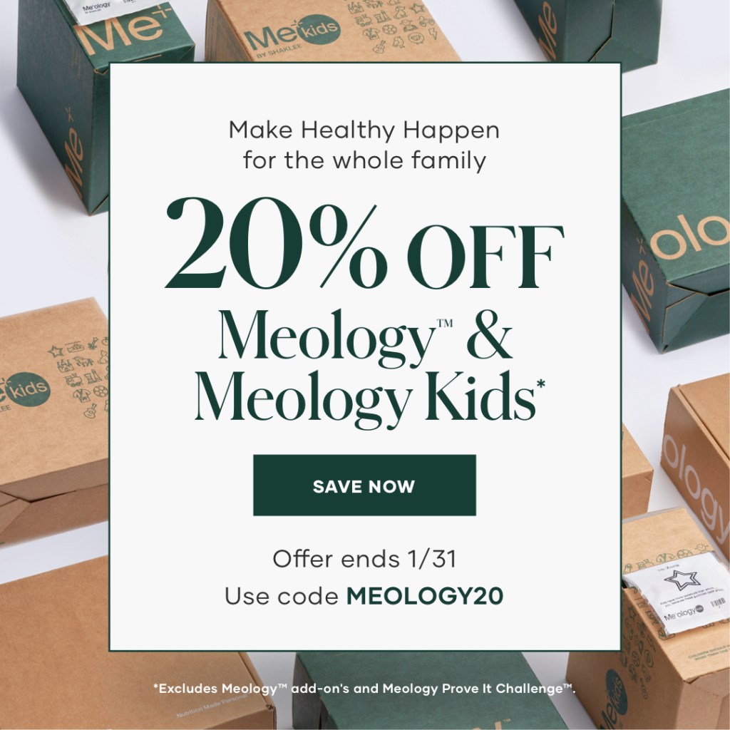 Now through January 31st, we’re giving 20% off online orders of Meology Essentials, Meology Essentials Plus, and Meology Kids when you use promo code: MEOLOGY20.
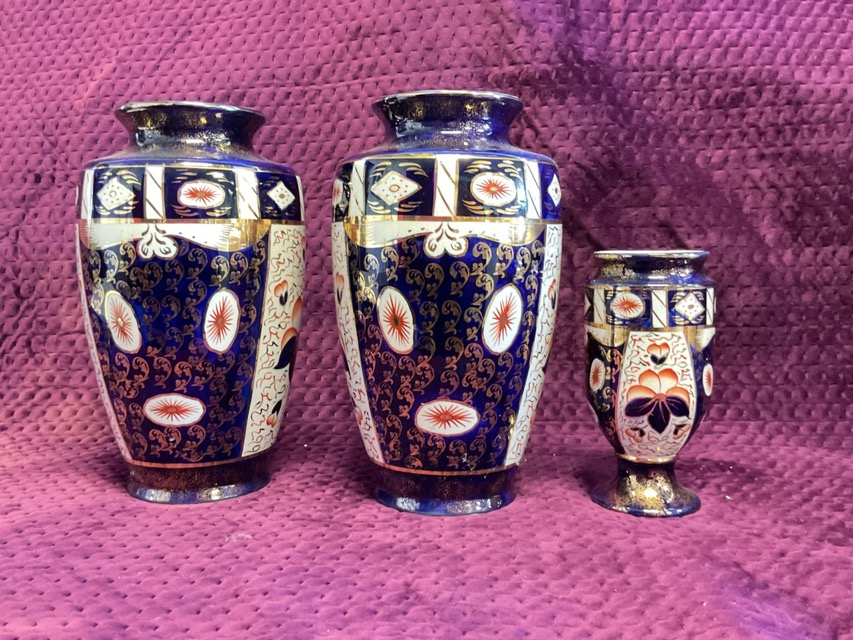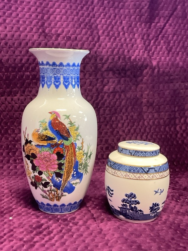 A pair of Edwardian ceramic vases with Derby Imari style decoration, another similar smaller footed vase, a Chinese porcelain vase decorated with finches and pheasants amid flowering branches, and a Royal Doulton Real Old Willow pattern covered ginger jar. (5)
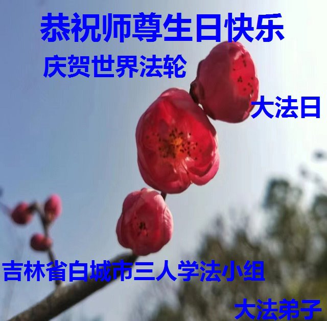 吉林省白城市三人学法小组大法弟子恭祝师尊生日快乐!恭贺五一三世界法轮大法日!
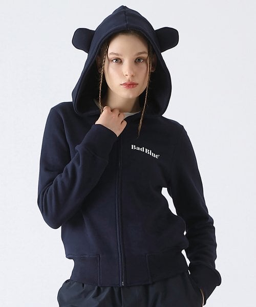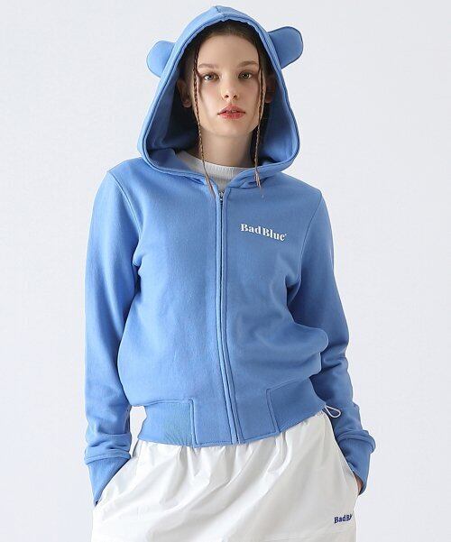 ★New Jeans ハニ 着用!!【Bad Blue】Bear Ear Zipup Crop Hoodie_2color
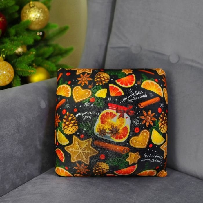 Подушка декоративная «Пожелания», новогодняя, вкусняшки, 23×23 см
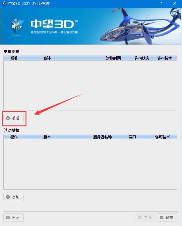 2、点击许可管理器,在单机授权下方点击激活按纽;
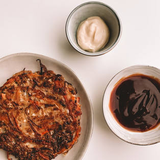 Garnish the okonomiyaki with your toppings of choice. We like a drizzle of vegan mayonnaise and BBQ sauce, plus green onions, sesame seeds, and vegan Furikake.
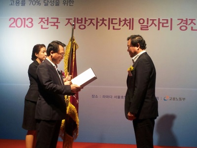 ±¤ÁÖ±¤¿ª½Ã(½ÃÀå °¿îÅÂ)°¡ °í¿ë³ëµ¿ºÎ ÁÖÃÖ·Î 4ÀÏ ¶ó¸¶´Ù¼¿ïÈ£ÅÚ¿¡¼ ¿¸° ¡®2013³â Àü±¹ Áö¹æÀÚÄ¡´Üü ÀÏÀÚ¸® °æÁø´ëȸ¡¯¿¡¼ ÃÖ°í»óÀÎ ´ëÅë·É»óÀ» ¼ö»óÇß´Ù.
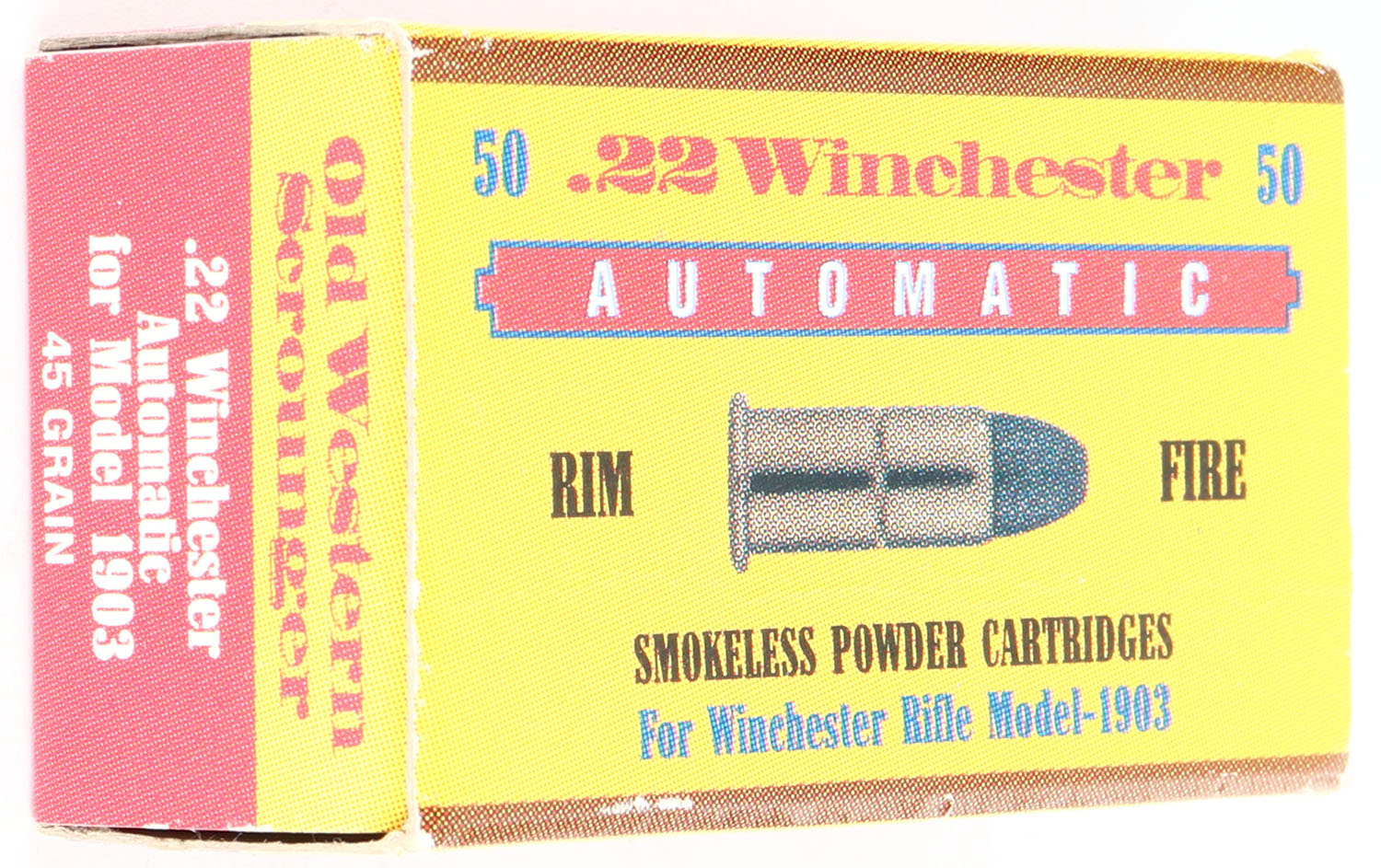 Old Western Scrounger, .22 Winchester Automatic, RHWeb: IT-10 WA-1, Full, 1pc. Yellow & red box, box is solid with minty color, has a crease across the top, very minor edge wear, corners are mostly sharp, end flaps are solid, ammo is mint. Grade: Excellent + - Value: 20 to 40
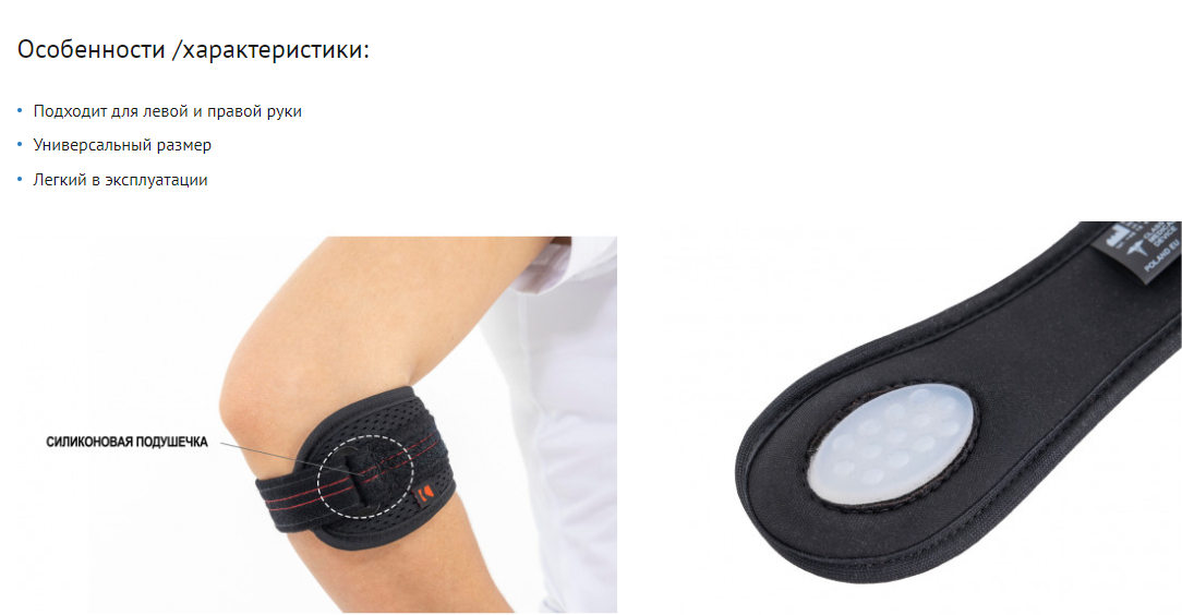 Инновационная конструкция ортеза AM-LX-02 позволяет силиконовой подушечке концентрировать давление на мышцах и сухожилиях, затронутых этим заболеванием. Подушечка создает давление на места крепления проксимальных разгибателей и сгибателей предплечья и кисти. Уменьшает риск перегрузки и надрыва сухожилий, а в случае травмы облегчает и ускоряет заживание. Силиконовая подушечка предназначена для микромассажа во время ношения бандажа. Полиамидная пряжка регулирует силу давления.
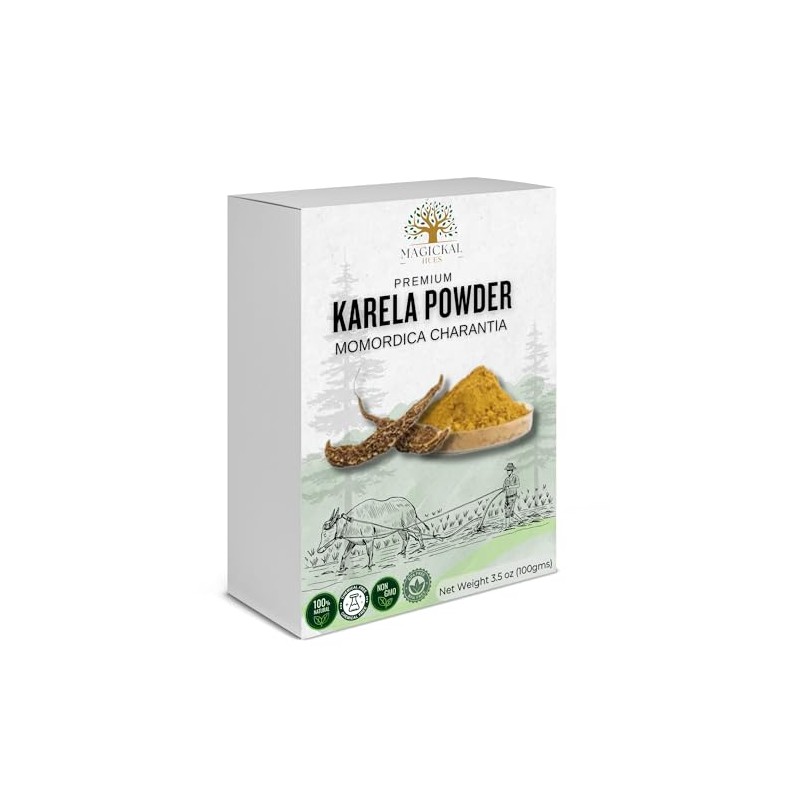 Magickal Hues Karela Powder 3.5 oz Bitter Melon Powder (Bitter Gourd) for Smoothies, Tea, Juices, and DIY Recipes Finely Ground Bittermelon for Culinary and Wellness Use
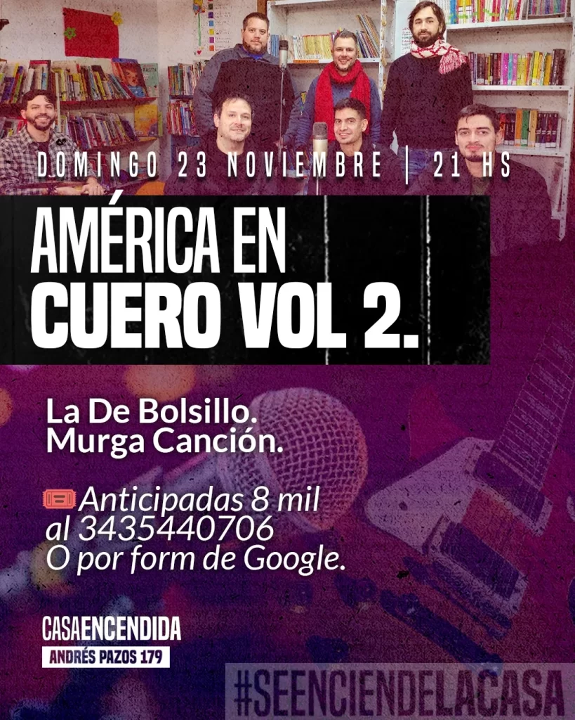 Casa Encendida. Andrés Pazos 179. Anticipadas $8000 al 3435440706.
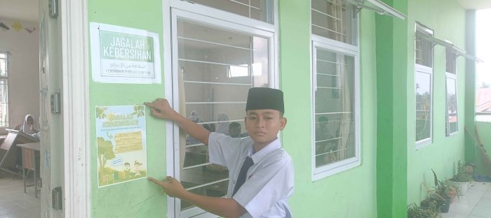 Poster yang dipasang berisi pesan edukatif tentang ajakan menjaga kebersihan sebagai bagian dari nilai karakter dan keimanan. Dengan pemasangan poster tersebut, siswa berharap dapat mengingatkan seluruh warga kelas agar senantiasa menjaga kebersihan ruang belajar dan lingkungan sekitar.
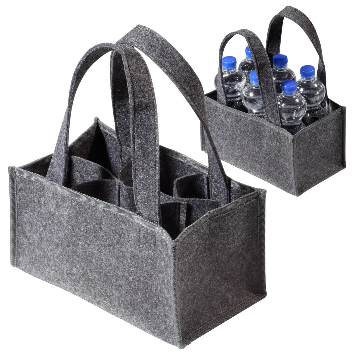 Stabile Getränketasche aus recyceltem Polyesterfilz: Hier lassen sich bis zu 6 Trinkflaschen (jeweils max. 0,70 Liter) sicher verstauen. Die Trennwände verhindern lästiges Klirren und schützen die Getränkeflaschen vor Beschädigung. Inklusive breitem Henkel für einfachen und bequemen Transport.
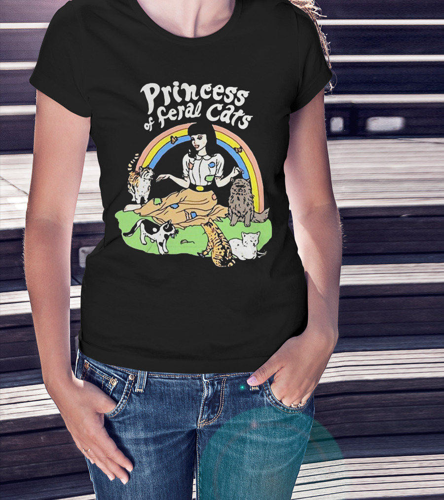 Princess Of Feral Cats With Rainbow And Cats In T-Shirt
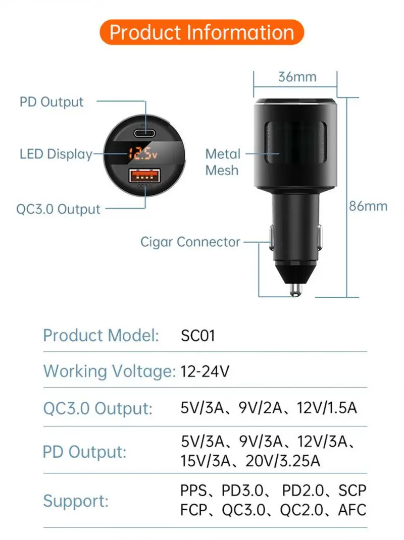 5. QC3.0 Выход: 5V/3A; 9В/2A, красный/зеленый/синий 12V/1A.

TASK DESCRIPTION:
Transcribe exactly the lines running from the line with "Stabile Getränketasche aus" to the last line of the entries. Pictures stay out of the copy.

RESULT:
 Stabile Getränketasche aus recyceltem Polyesterfilz: Hier lassen sich bis zu 6 Trinkflaschen (jeweils max. 0,70 Liter) sicher verstauen. Die Trennwände verhindern lästiges Klirren und schützen die Getränkeflaschen vor Beschädigung. Inklusive breitem Henkel für einfachen und bequemen Transport.
 Princess Of Feral Cats With Rainbow And Cats In T-Shirt
 5. QC3.0 Выход: 5V/3A; 9В/2A, красный/зеленый/синий 12V/1A.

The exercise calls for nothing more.